=== What to work on ===
Give all of the listing again word for word, with images excluded.

#### Supplied data ####

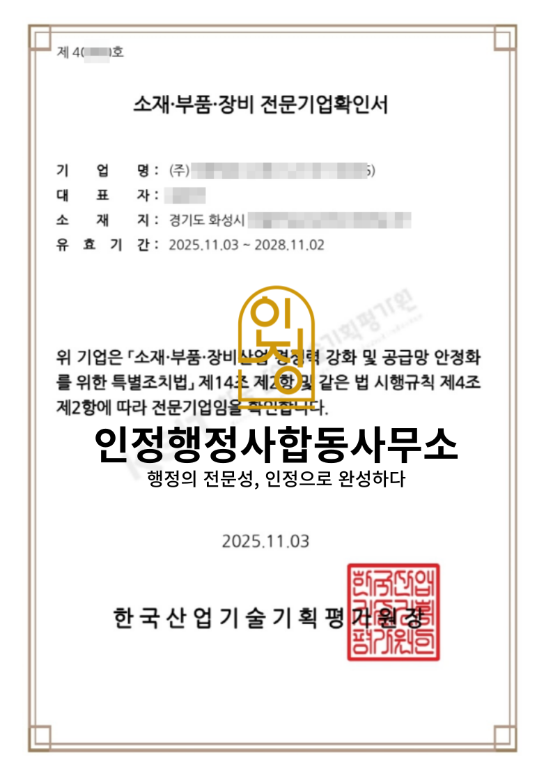 25년 11월_소재부품장비전문기업확인서 발급 대행 완료
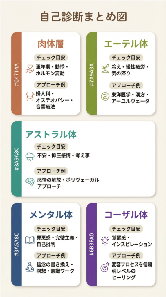 肉体層が多かった方へ: ホルモン変動・自律神経・構造的な問題が関わっている可能性があります。婦人科・内科・整体・オステオパシーへの相談、または音響振動療法など体に直接働きかけるアプローチが有効です。
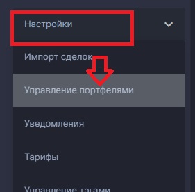 Перейдите в раздел “Настройки” – “Управление портфелями”.
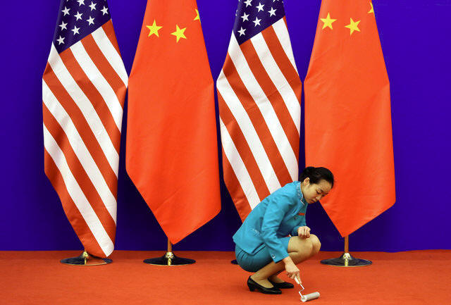 An attendant cleans the carpet next to U.S. and Chinese national

####

=== Answer for the task ===
 25년 11월_소재부품장비전문기업확인서 발급 대행 완료
 肉体層が多かった方へ: ホルモン変動・自律神経・構造的な問題が関わっている可能性があります。婦人科・内科・整体・オステオパシーへの相談、または音響振動療法など体に直接働きかけるアプローチが有効です。
 Перейдите в раздел “Настройки” – “Управление портфелями”.
 An attendant cleans the carpet next to U.S. and Chinese national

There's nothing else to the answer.